In the first chapter, Enfield and Utterson pause on their walk to examine the door to Hyde’s house, and the narrative offers up some stark visual imagery:
[...] a certain sinister block of building thrust forward its gable on the street. It [...] bore in every feature the marks of prolonged and sordid negligence. [...] Tramps slouched into the recess and struck matches on the panels; children kept shop upon the steps; the schoolboy had tried his knife on the moldings; and for close on a generation, no one had appeared to drive away these random visitors or to repair their ravages.
In his description of Hyde’s building, Stevenson goes to great lengths to depict a rundown, dilapidated house surrounded by figures of poverty and iniquity.

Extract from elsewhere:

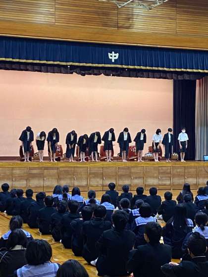 先月2月18日の1時間目に全校生徒が体育館で仲間の日の生徒集会を行いました。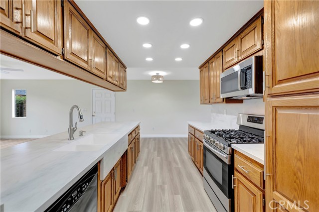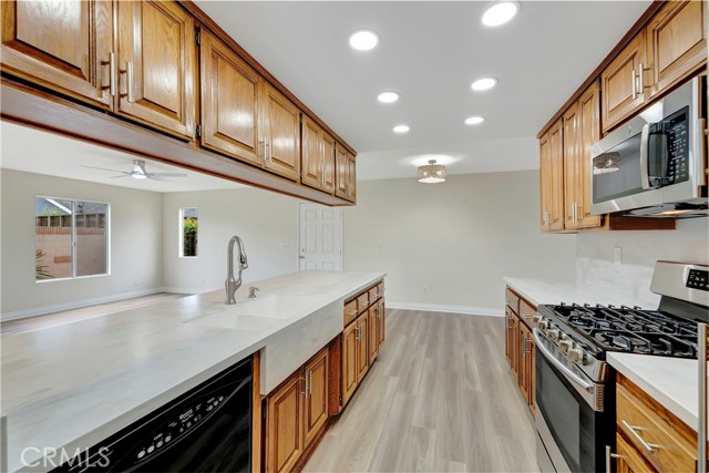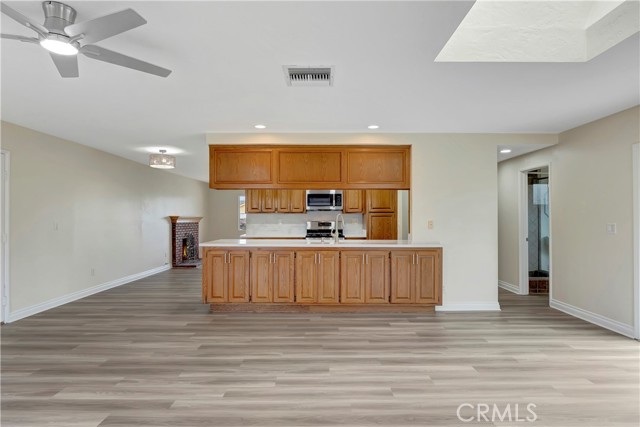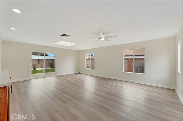 Expanded 3 bedroom 1 3/4-bathroom single level home. This home has an added family room, which will accommodate large, oversized furniture and is ideal for family gatherings. The wall of windows in the family space brings the natural light and yard into your home. The home is ideal for the first time home buyer or the family who desires a new start. This home has been refreshed with new paint throughout, new vinyl plank flooring, recessed lights in the kitchen area and features a large galley style kitchen with an abundance of cabinetry. New carpet is found is the bedrooms along with ceiling fans, for fresh air. The living area features a fireplace for the cold winter months. Parking is easy with an expansive driveway.

The pointed lack of care for the house over time, despite its apparent occupation, stands out in particular. “For close on a generation,” its tenants or owners have allowed it to go unrepaired and have permitted interlopers and criminals to linger and deface the building.

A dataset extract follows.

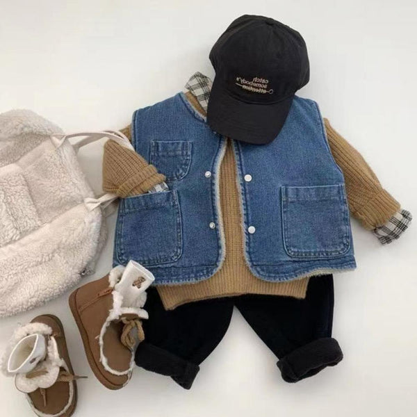 Baby Winter Plus Velvet Denim Waistcoat Boys And Girls Solid Color Padded Vest Wholesale Baby Clothes

The immediate effect of this imagery is a sense of dread and illicit danger. Hyde’s house is the visual manifestation of all that Victorian England would like to cordon off and hide (poverty, moral decay, and urban chaos).

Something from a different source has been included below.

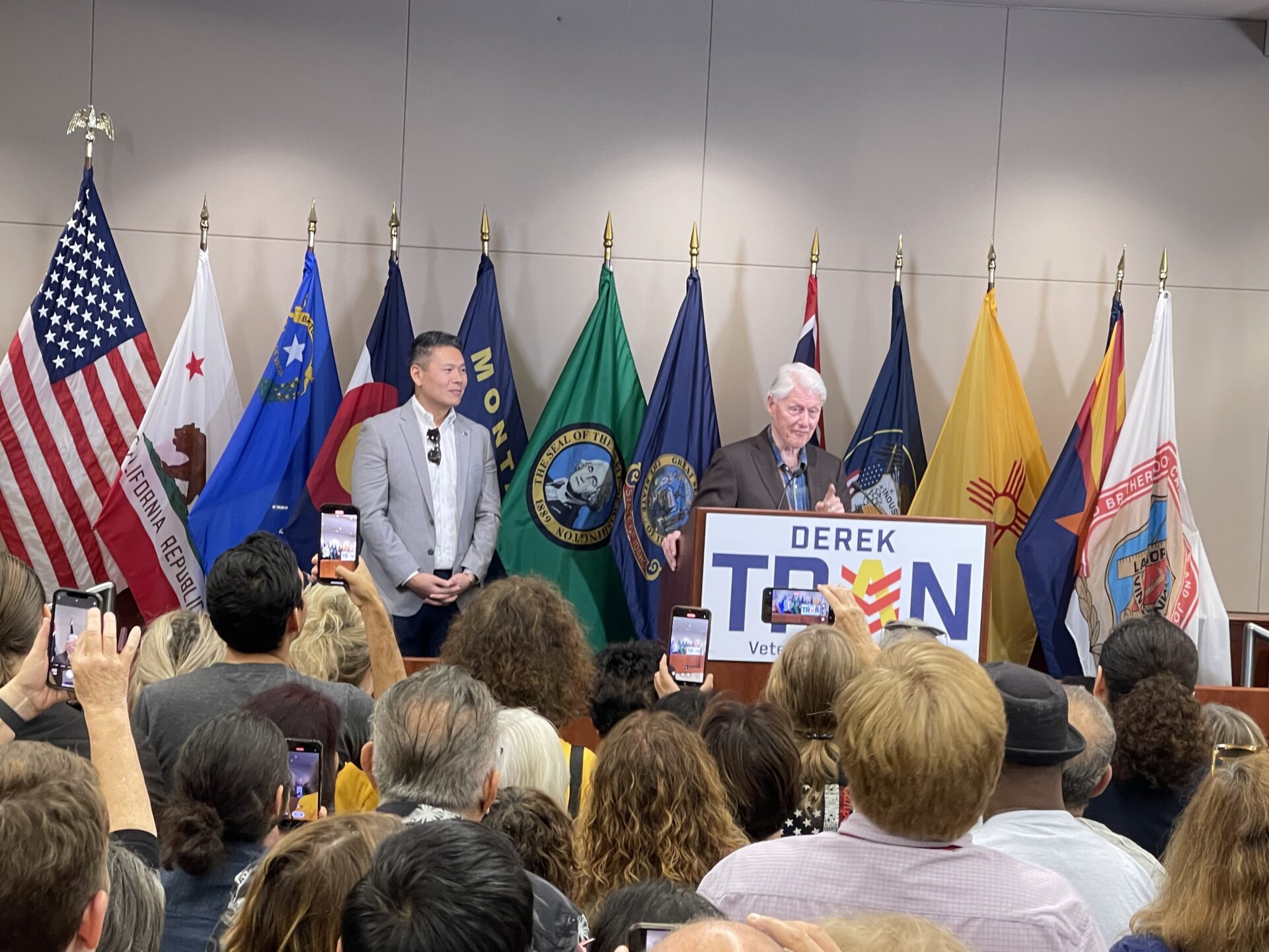 Cựu Tổng thống Bill Clinton (phải) và Luật sư Derek Trần trong cuộc vận động ở Buena Park hôm 26 tháng Mười. Đây là lần đầu tiên một cựu Tổng thống đến vận động cho một ứng cử viên gốc Việt vùng Little Saigon. (H́nh minh họa: Đỗ Dzũng/Người Việt)

En route to Mr. Hyde’s secret house in Soho, a neighborhood known at this time for its criminality, Mr. Utterson observes an early morning fog settling over the district early on in Chapter 4, describing this mist with vivid imagery:
A great chocolate covered pall lowered over heaven [...] as the cab crawled from street to street, Mr. Utterson beheld a marvelous number of degrees and hues of twilight; for here it would be dark like the back end of evening; there it would be the glow of a rich, lurid brown [...]. The dismal quarter of Soho [...] seemed, in the lawyer’s eyes, like a district of some city in a nightmare.
Here, Stevenson meaningfully evokes an atmosphere of gloom, fear, and confusion as Utterson moves closer and closer to Hyde. Stevenson’s depiction of this morning in London is dreamlike, frightening, and classically Gothic. The fog plunges the city into darkness, even early in the day, making otherwise recognizable neighborhoods impossible to identify. That this mist’s appearance coincides with Utterson’s trip to Hyde’s house lends a sense of tension to the narrative. In order to enter Hyde’s home, Utterson must make the descent with the police officer into deeper and deeper physical and spiritual darkness, blind to what could be playing out around them.
The rich visual imagery in this paragraph also references the symbolic role of fog or mist in the text as the marker of hidden or forbidden knowledge. This thick fog mirrors the mist of Utterson’s dream earlier in the text, in which he traverses a labyrinth before meeting with Hyde himself. It also recalls the fog that falls after Carew’s murder, as Hyde takes refuge once again in Jekyll. The fog’s presence denotes this neighborhood as a center or hub of secret and illicit activity.